When you are paying freelancers across borders, you are not just choosing a payment tool. You are choosing a trust system.

The first thing I look for is predictability. How long will the money take? What are the fees? Where does the conversion happen? If I need a spreadsheet and three support emails to understand it, that is friction waiting to happen.

Second, compliance. This is the unsexy part founders ignore until something breaks. Contracts. Tax forms. Documentation. If the platform helps you handle that cleanly, it saves stress you will only appreciate later.

And here is something most businesses overlook: the freelancer experience. If payments arrive late or feel confusing, your best contractors will notice. They may not complain. They will just prioritize someone else next time.

The right platform should feel boring. Money goes out. It arrives. No drama. No mystery.

When you remove uncertainty from payments, you protect relationships. And relationships, especially across borders, are built on reliability.

– Sahil Gandhi, Brand Strategist, Brand Professor

The thing nobody tells you when you start hiring globally is that the payment platform you pick will either save you hours every week or quietly eat your time and your margins.

We run a remote team across multiple countries from Canberra. The first thing I learned is that the platform has to work for your contractors, not just your finance process. If your developer in the Philippines needs to chase a payment or figure out a confusing fee structure, that is your problem. They will not complain. They will just start replying slower and eventually disappear.

The second thing is transparency on fees. Some platforms look cheap until you realise the exchange rate they are giving you is 3% worse than the mid-market rate. That is not a fee. That is a tax on trust. We switched platforms purely because I could not get a straight answer on what our contractors were receiving versus what we were sending.

Third, compliance. If you are paying people in multiple countries, you need a platform that handles local tax requirements without you having to become an expert in every jurisdiction. We are a marketing agency, not an international tax firm. The right platform should make that invisible.

Pick the platform your contractors would choose if they had the vote. If they are happy, they stay. If they stay, you stop burning money on recruitment.
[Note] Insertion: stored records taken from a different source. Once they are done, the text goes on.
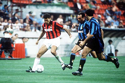 Evento: Trofeo luigi berlusconi 1992-93 milan-inter 1-0; Argomento: Calcio; Periodo: 1992/93; Categoria: MILAN - INTER; Soggetto: MAURO TASSOTTI, SALVATORE SCHILLACI; Nazione: Studio Buzzi; Descrizione: CONTRASTO; Luogo: STADIO; Città: MILANO;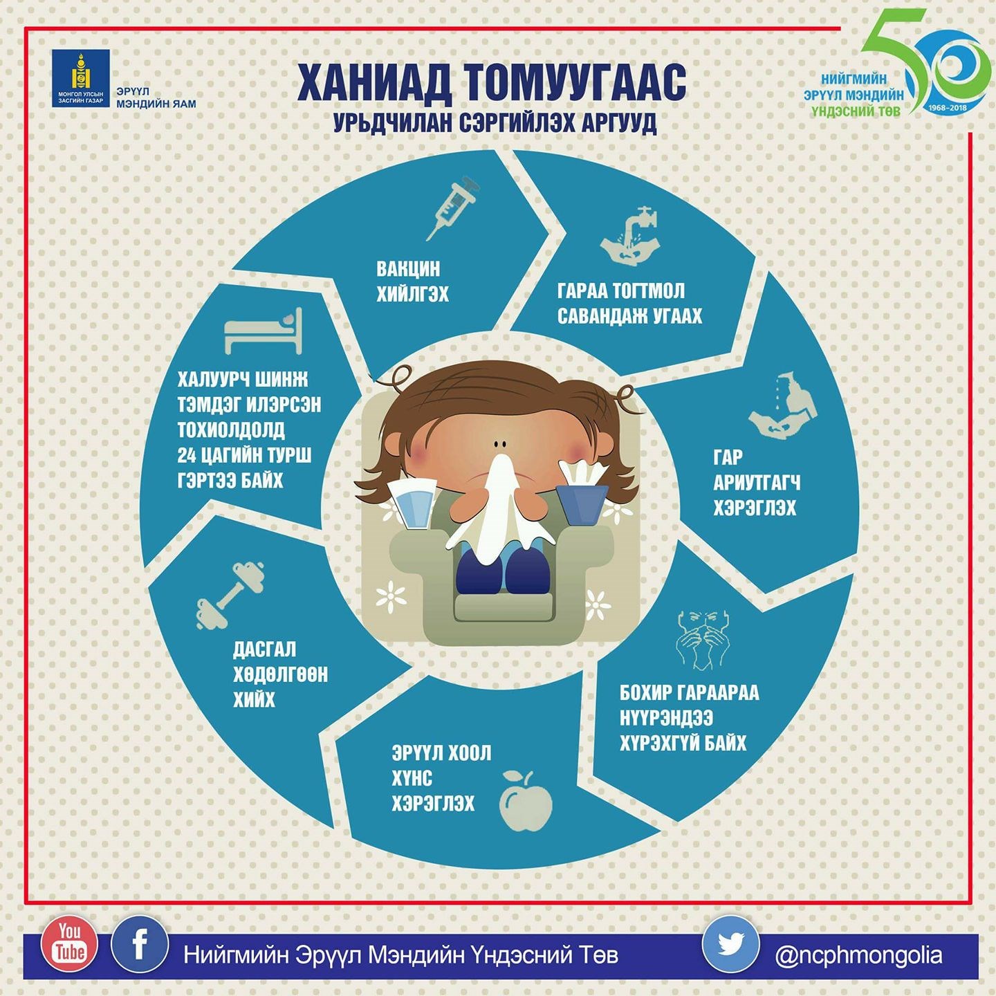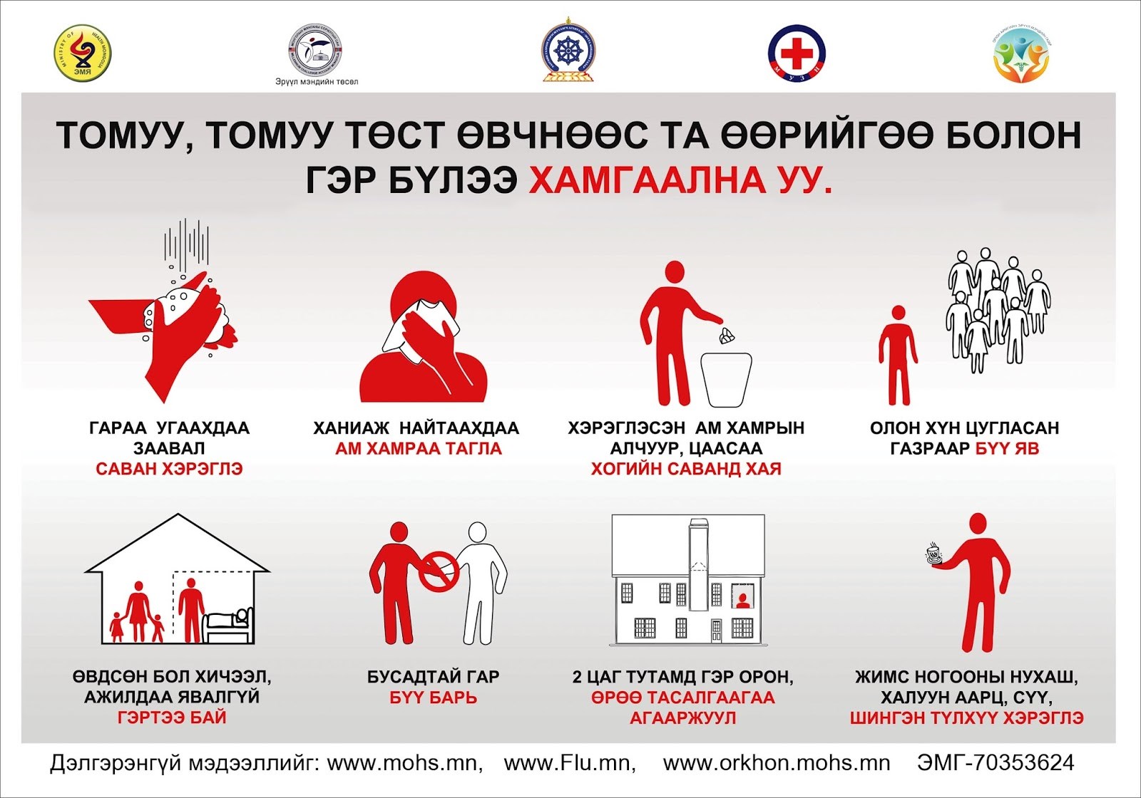 Ховд аймгийн Эрүүл мэндийн газраас Томуу, томуу төст өвчнөөс урьдчилан сэргийлэх зөвлөмж танилцуулж байна. < Огноо: 11/5/2019 Төрөл: Эрүүл мэнд Сэтгүүлч: Н.Батчимэг, Н.Лхагва 3428 Мэдээ таалагдсан: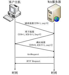 圖1 TCP三次握手:數(shù)據(jù)段互換 Client發(fā)送連接請求報文,Server接受連接后回復(fù)ACK報文,并為這次連接分配資源。Client接收到ACK報文后也向Server發(fā)送ACK報文,并分配資源,這樣TCP連接就建立了。前兩次握手,是為了保證服務(wù)端能收接受到客戶端的信息并能做出正確的應(yīng)答;后兩次握手,是為了保證客戶端能夠接收到服務(wù)端的信息并能做出正確的應(yīng)答。建立完TCP三次握手后,Client就可以和Web服務(wù)器進(jìn)行通信了。 在DoS攻擊中,攻擊者通過偽造ACK數(shù)據(jù)包,希望Server重傳某些數(shù)據(jù)包,Server根據(jù)TCP重轉(zhuǎn)機(jī)制,進(jìn)行數(shù)據(jù)重傳。攻擊者利用TCP協(xié)議缺陷,通過發(fā)送大量的半連接請求,耗費(fèi)CPU和內(nèi)存資源。實(shí)現(xiàn)方式如下圖: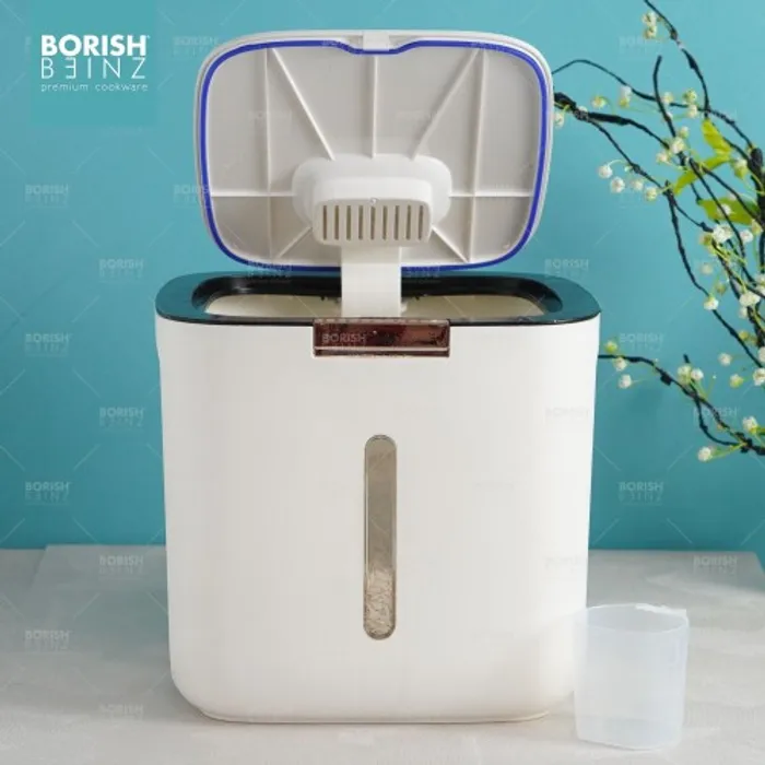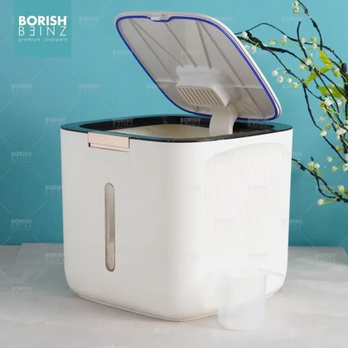 Dispenser beras otomatis anti kutu dan anti lembab, dilengkapi cangkir untuk mengukur. Tempat beras dengan menggunakan material yang aman untuk beras yang disimpan awet dan tidak berkutu, tidak merusak kualitas beras yang disimpan.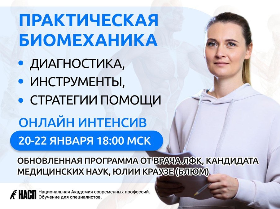 — какие компенсации включаются для сохранения функции. Когда специалист начинает учитывать эти параметры, диагностика перестаёт быть субъективной. Она превращается в структурированную модель, из которой напрямую вытекает стратегия коррекции — логичная, последовательная и безопасная для клиента. 20–22 января мы проводим обновлённый онлайн-интенсив по практической биомеханике — программу для специалистов, которые хотят работ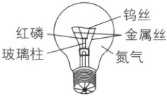 4.D 【解析】钨丝的熔点高,这样才能在高温下工作而不熔化,A错误;金属丝具有导电性,B错误;灯泡内填充氮气是因为其化学性质不活泼,C错误;白炽灯工作时,红磷能与残留的氧气反应生成五氧化二磷,从而消耗残留氧气,D正确。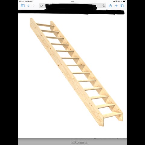 Ny lofttrappa - gran - med massiva sättsteg - höger/ vänster-svängd. Denna trappa har sättsteg mellan planstegen. Omonterad inkl. ett räcke. Max våningshöjd 3000 mm - kan kapas vid behov. Tekniska specifikationer: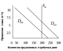 Уменьшение спроса на деньги запускает рассмотренные процессы в противоположную сторону. Предположим, что кривая спроса на деньги сдвинулась влево-вниз из первоначального положения равновесия. В этом случае доля денег в портфеле активов хозяйственных агентов была бы больше, чем это совпадало бы с их желаниями. Хозяйственные агенты моментально начнут структурные изменения в своих портфелях активов, либо используют деньги для погашения ранее взятых ссуд. Такие действия, предпринятые одновременно и во множестве, взвинтят цены на ценные бумаги и понизят норму ссудного процента, однако не смогут изменить количество денег, находящихся в обращении, которое предлагает им банковская система. Равновесие на рынке денег было бы достигнуто только тогда, когда процентные ставки упали бы до уровня, обеспечивающего соответствие количества денег, находящихся в обращении, количеству денег, размещённых в портфелях активов хозяйственных агентов.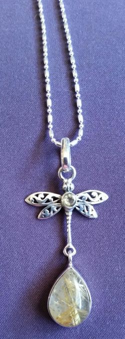 GENUINE DRAGONFLY GOLDEN RUTILE STERLING SILVER PENDANT NECKLACE JEWELRY$55Tempe, AZ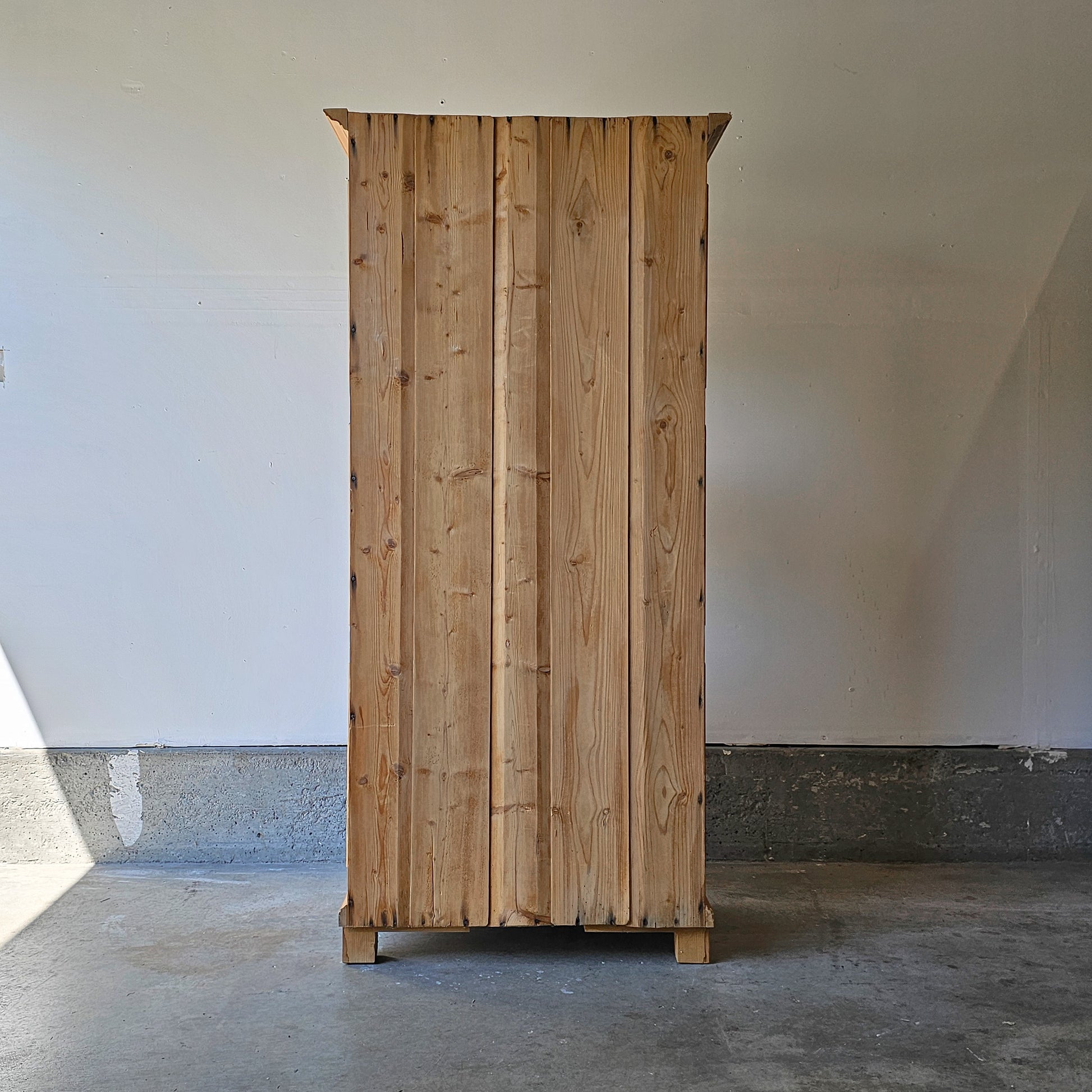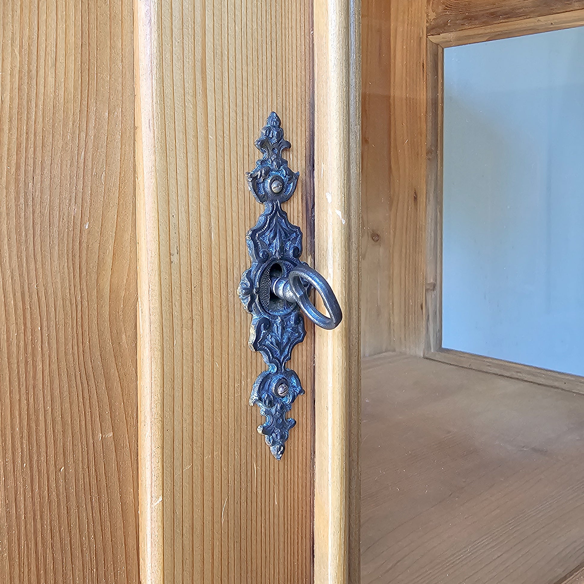 This antique pine cabinet offers simple, timeless elegance with its clean lines, rich patina, and classic panel door. Crafted from solid pine, the piece features a working lock and original key. Inside, removable shelves allow for versatile storage options, making it as practical as it is beautiful. Resting on turned bun feet and adorned with original hardware, this cabinet would make a perfect pantry, linen press, or entryway statement piece.

  • Callum Gracie, Founder, Gia AI

The pattern across every response is consistent. Experienced freelancers prioritize payment reliability over payment speed. A fast payment that arrives unpredictably causes more damage than a slower payment that arrives on schedule every time. Companies that pay freelance contractors on a predictable schedule retain better talent.

The Best Way to Pay Freelance Contractors Is the Boring Way

The highest-performing cross-border payment setups share one characteristic. They make the process to pay freelance contractors invisible. Money goes out, money arrives, nobody has to think about it.

Based on the research and the insights from these industry leaders, the evaluation framework for any business that needs to pay freelance contractors is clear. Start with fee transparency, because if you cannot see exactly what you are paying and what your contractor is receiving, you are losing money. Layer in compliance automation appropriate to your contractor jurisdictions, because the regulatory landscape is only getting stricter. Then optimise for the freelancer experience, because the best talent will quietly walk away from confusing or unreliable payment processes long before they send you a complaint.

The single most counterintuitive finding across the data is this: the cheapest platform to pay freelance contractors is rarely the most cost-effective. A $49 per month subscription that automates compliance and uses mid-market exchange rates costs far less than a free bank wire that hides 3 to 5% in currency conversion and exposes the business to six-figure misclassification penalties.

The right platform to pay freelance contractors should feel boring. And boring, it turns out, is worth paying for.